Буца долго уговаривать не пришлось – он резко сработал левой снизу, я даже не знаю, как Лыков успел отпрянуть, – но вражеская рука прошлась вскользь его виска.
Дрались они недолго – все-таки Лыков был самым сильным из нас и вообще знал, о чем просил, когда сказал: «Ударь».
Однако тем, что Буц оказался на земле, Лыков не успокоился. Приседая на колено, он хлестко бил упавшего и пытающегося встать Буца то в грудь, то в голову, то в ребра, то в голову, то в ребра, то в живот.

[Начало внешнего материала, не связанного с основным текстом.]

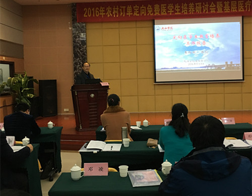 我校基础医学院车向新院长做了“定向医学生教育培养工作报告”,介绍我校自2010年至今连续7年招收并培养农村定向医学生以来,全校上下高度重视定向医学生的培养工作,依托教育部、江西省卓越医师培养试点项目,根据农村基层卫生服务的要求和新变化,结合本校办学定位、人才培养目标、服务面向和办学优势与特色等,制定并不断完善了定向医学生培养体系。围绕为我省城乡基层培养“下得去、留得住、用得上、干得好”的适用型医学人才的总目标,以联合行业(医院)联合制定贴近基层的培养方案为立足点,以培养“基层适用型医学人才”为落脚点,以加强实践教学体系构建为关键点,贯穿职业素质培养与动手能力训练这条主线,大力开展以学生为中心的课程体系改革,定期开展基地教学,强化医学人文教育,培养立志基层、具有奉献精神的卓越基层医生。
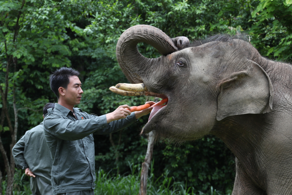 Xiong Chaoyong feeds an elephant carrots at the Asian Elephant Breeding and Rescue Center in Xishuangbanna, Southwest China's Yunnan province. [Photo by Wang Jing/China Daily]
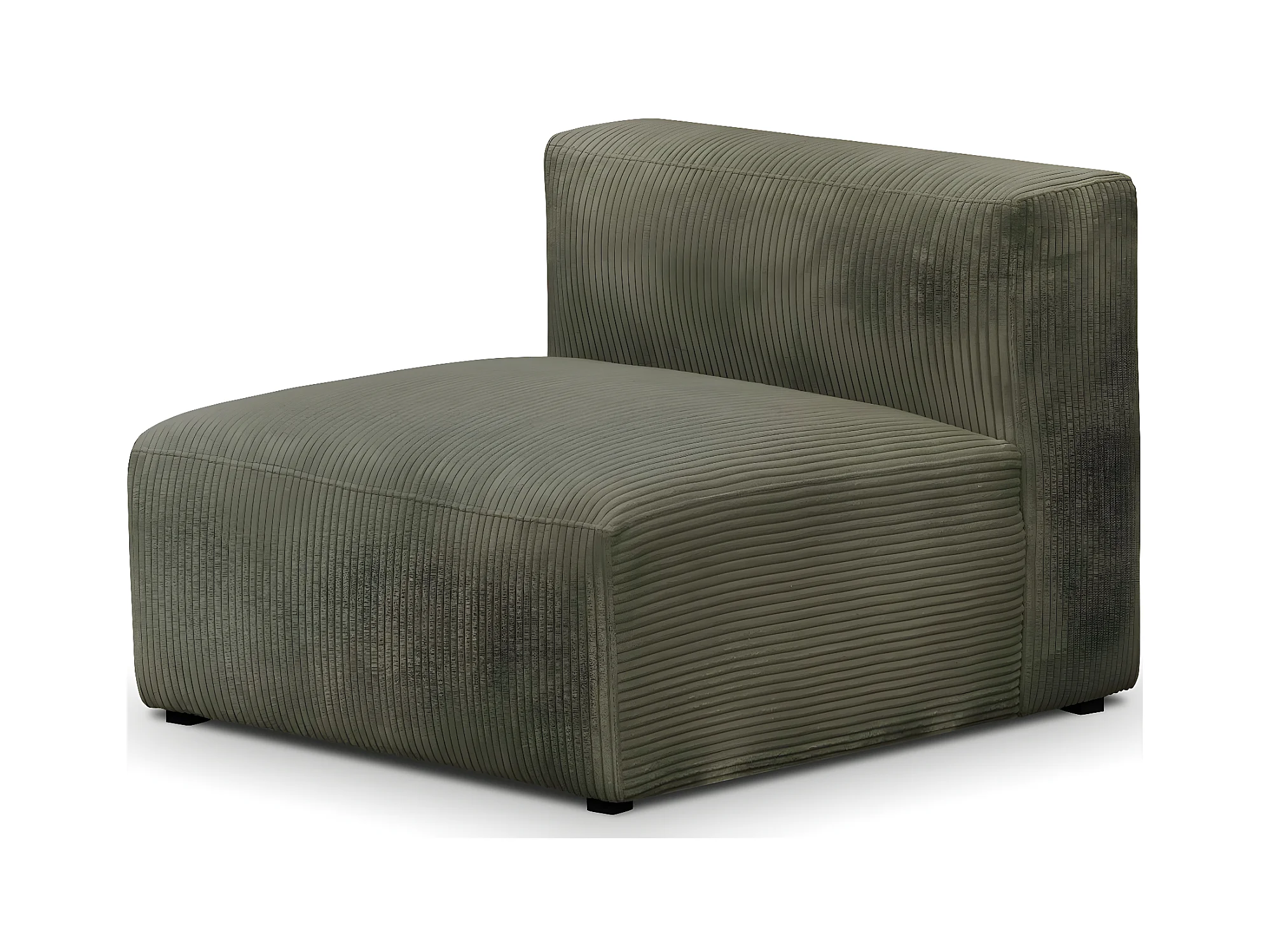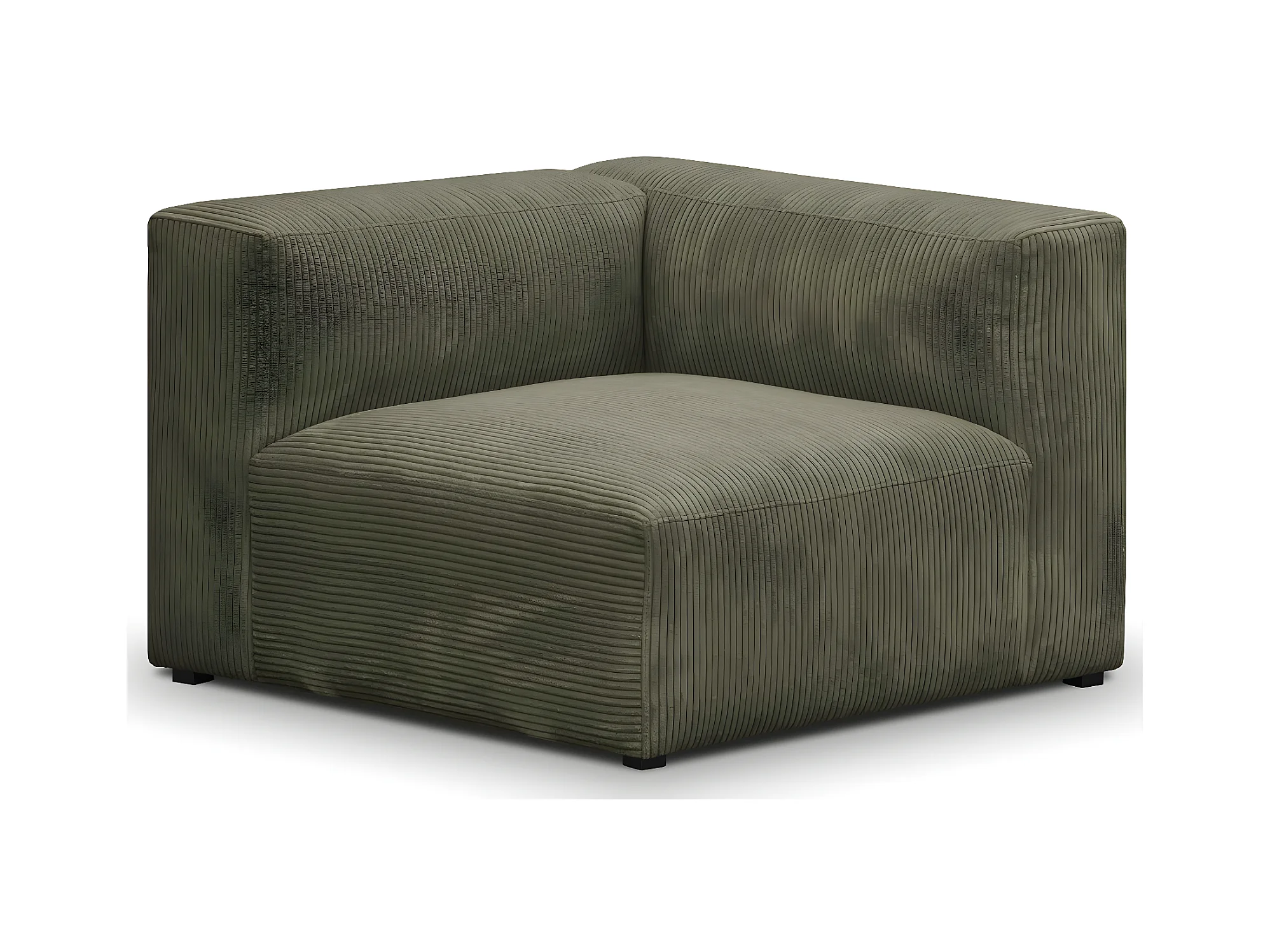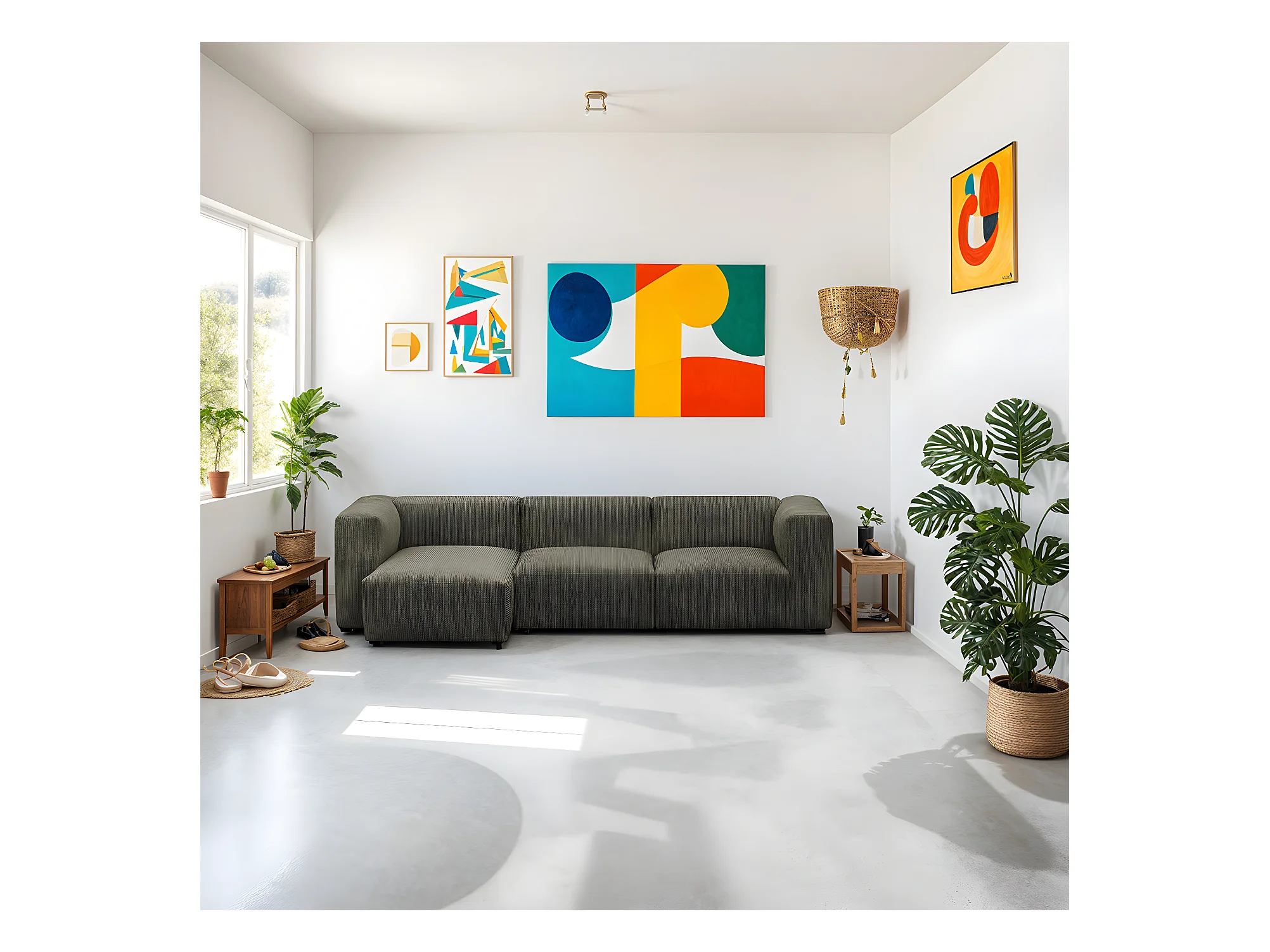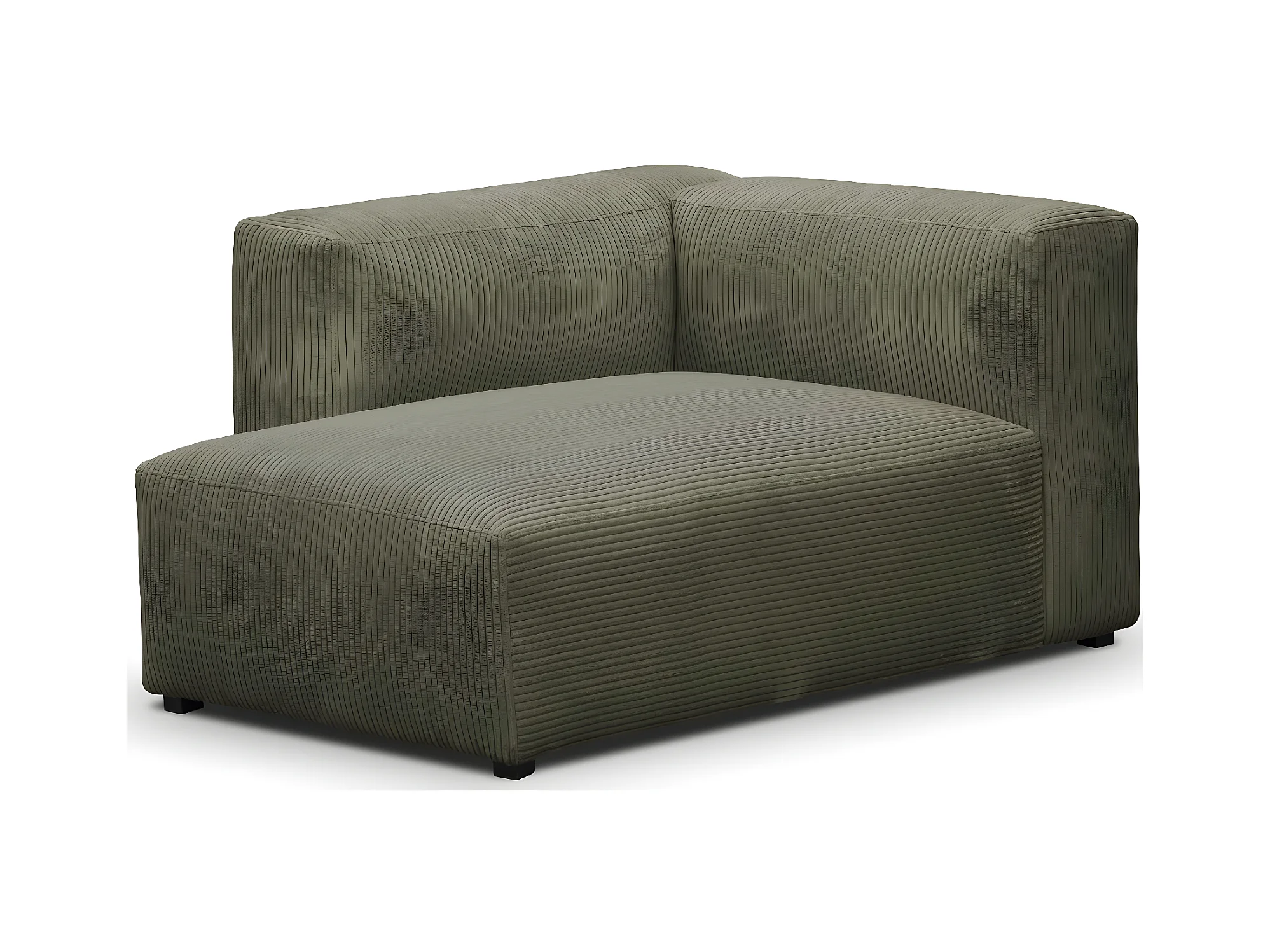 Canapé d'angle à gauche modulable avec méridienne 4 places en velours côtelé vert kaki - Modulo
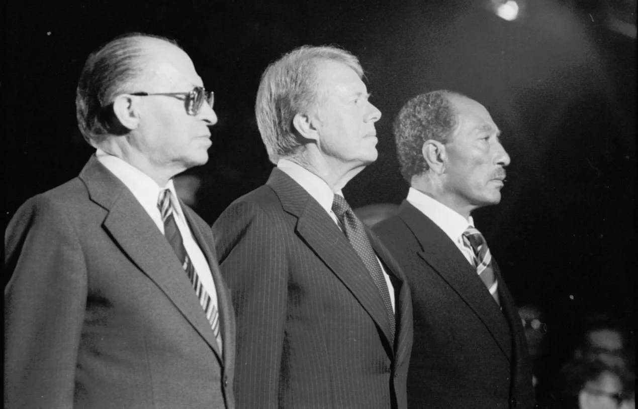 Israeli PM Menahem Begin, US President Jimmy Carter and Egyptian President Anwar Sadat at Camp David
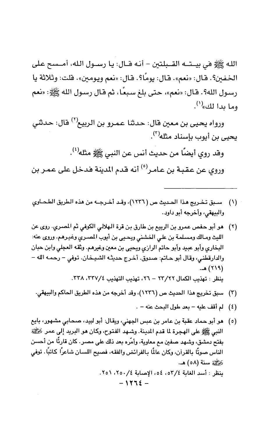الله صَلَّى اللَّهُ عَلَيْهِ وَسَلَّمَ في بيته القبلتين - أنه قال: يا رسول الله، أمسح على الخفين؟. قال: «نعم ويومين». قلت: وثلاثة يا رسول الله؟. قال: «نعم». حتى بلغ سبعا. ثم قال رسول الله صَلَّى اللَّهُ عَلَيْهِ وَسَلَّمَ: «نعم وما بدا لك».
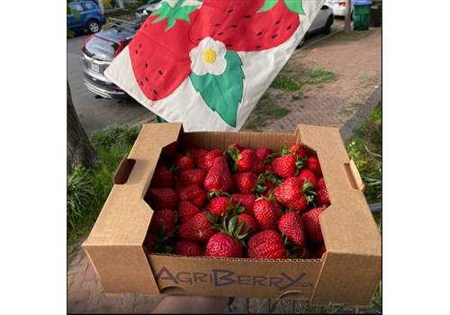 1 Big Box (approx. 5 pounds) of fresh spring Strawberries. Grown by Agriberry farm in Mosley, VA
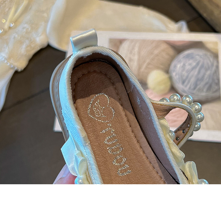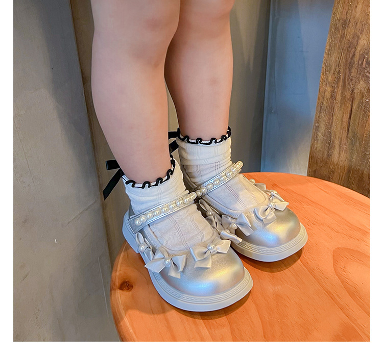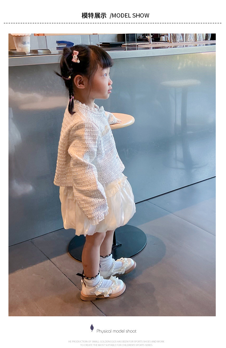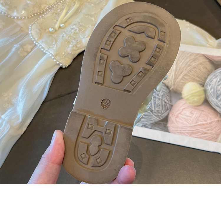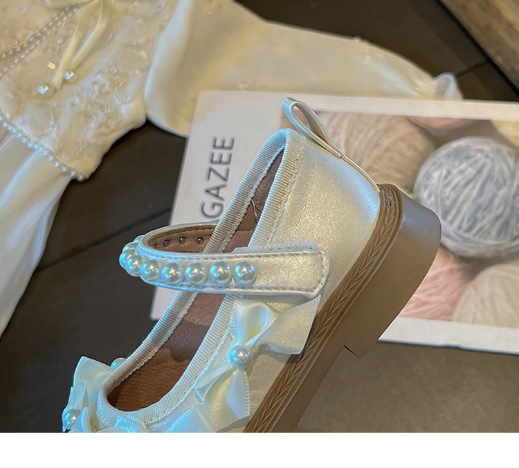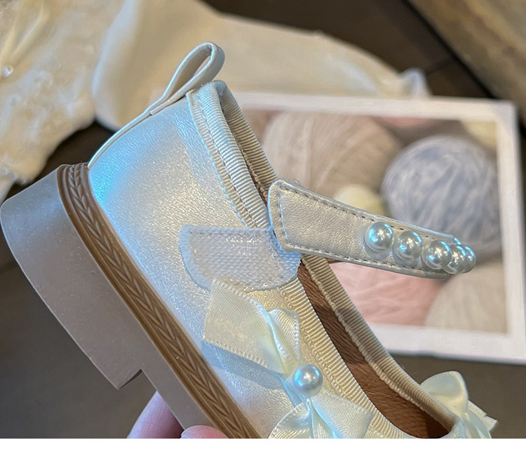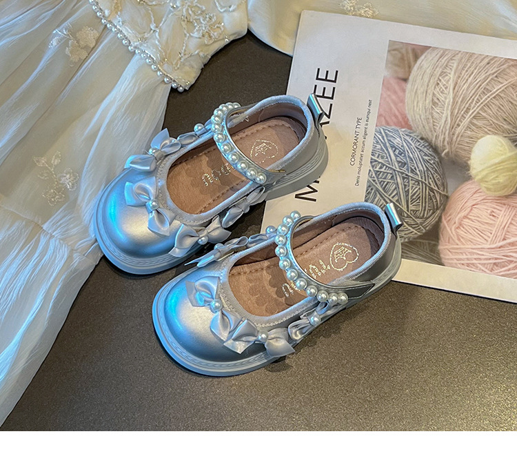 Girls' Leather Shoes 2024 Autumn New Children's Little Girl Lace Soft Bottom Beaded Middle and Big Children's Performance Princess Shoes Single-layer Shoes
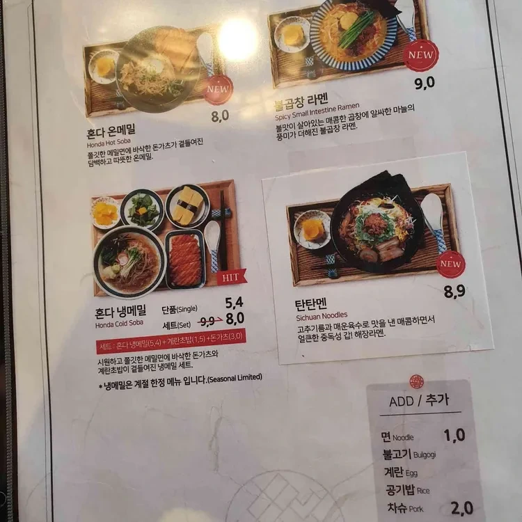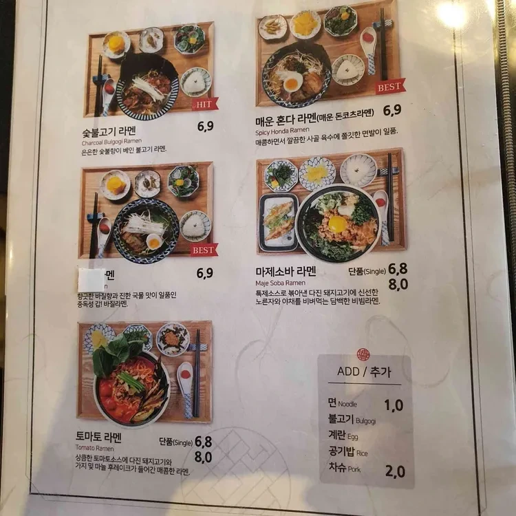 혼다라멘의 메뉴는 다양해요. 기본적인 혼다라멘 외에도 매운 돈코츠 라멘, 탄탄멘, 그리고 다양한 사이드 메뉴가 있어요. 가격대는 대체로 7,000원에서 10,000원 사이로, 가성비가 뛰어난 편이에요.
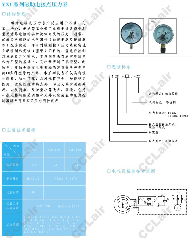 YX-60,YXC-100,YXC-150,磁助電接點(diǎn)壓力表,CCLair
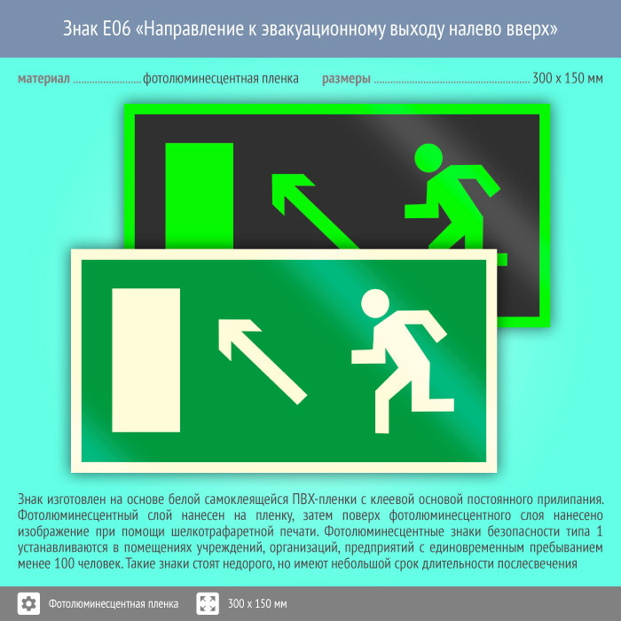 Знак E06 «Направление к эвакуационному выходу налево вверх» (фотолюминесцентная пленка, 300х150 мм) в Улан-Удэ купить
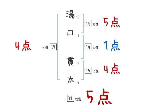 湯口貫太さんの画数の鑑定結果
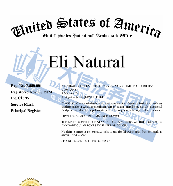 此案为商标维权,涉及一个商标,商标词:Eli Natural,以下是涉及商标的具体信息,未经授权不得擅自使用,侵权风险极高!跨境卖家尽快检索下架,避免造成TRO侵权损失!
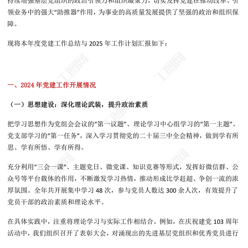 工圖網(wǎng)提供2024年黨建工作總結(jié)及2025年黨建工作計(jì)劃匯報(bào)PPT課件(講稿)供會(huì)員免費(fèi)下載。更多精彩黨課PPT素材,盡在工圖網(wǎng)。
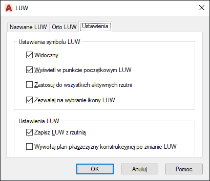 Umożliwia wyświetlenie, zmianę nazwy i przywrócenie definicji układu LUW oraz steruje układami LUW i ustawieniami ich ikon dla rzutni.

Мы так засмотрелись на это, что не заметили, как поднялся водила и прыгнул Греху на плечи. Пока стаскивали водителя, поднялся и тот, кому я обещал ввернуть болт.
Но он-то уже был раненый, а мы совсем нет, поэтому спустя минуту я уже сидел у него на груди и орал:
– Ввернуть болт, сука? Я тебе обещал болт? Ввернуть?
Тот жмурился и пытался увильнуть лицом, когда я сгребал его щеки, глаза и нос в щепоть.
Потом мы еще немного попинали Буца, а Грех произнес для всех оставшихся речь, что они никто, а новое имя их – пыль и гнилье, но я до конца не дослушал и ушел.
Когда уже расселись в своей «восьмерке», Грех, тяжело дыша, поинтересовался у меня:
– Слушай, а чего ты за болт обещал этому типу, я не понял?
Я смолчал, ухмыляясь и отплевываясь в окно.
– Не, братки, вы слышали? – переживал Грех, – «Болт, – кричит, – вверну! Давай, – кричит, – болт вверну!» Какой болт, что за беда… Что за болт-то?
Пацаны начали посмеиваться, пока еще негромко.
– Вы вообще меня пугаете, товарищи мои, – сказал Грех, прикурив, – Лыков разговаривает как официант, этот с болтами своими…
Мы отъехали со стоянки и начали хохотать. Хохотали так, что Лыков остановил машину, выполз из нее и смеялся, упираясь обеими руками в капот.
– Что делаешь? – спросила Гланька в телефонной трубке.
Голос у нее был такой, словно она простыла и умеет только шепотом.
– Ничего, – ответил я, трепыхнувшись.
Поискав глазами, где моя одежда – на всякий случай надо быть готовым к самым разным обстоятельствам, – и приметив брюки с рубашкой на кресле, а ботинки у дверей, я спросил:
– А ты?
Глаька не ответила, хотя было понятно, что она слышит меня.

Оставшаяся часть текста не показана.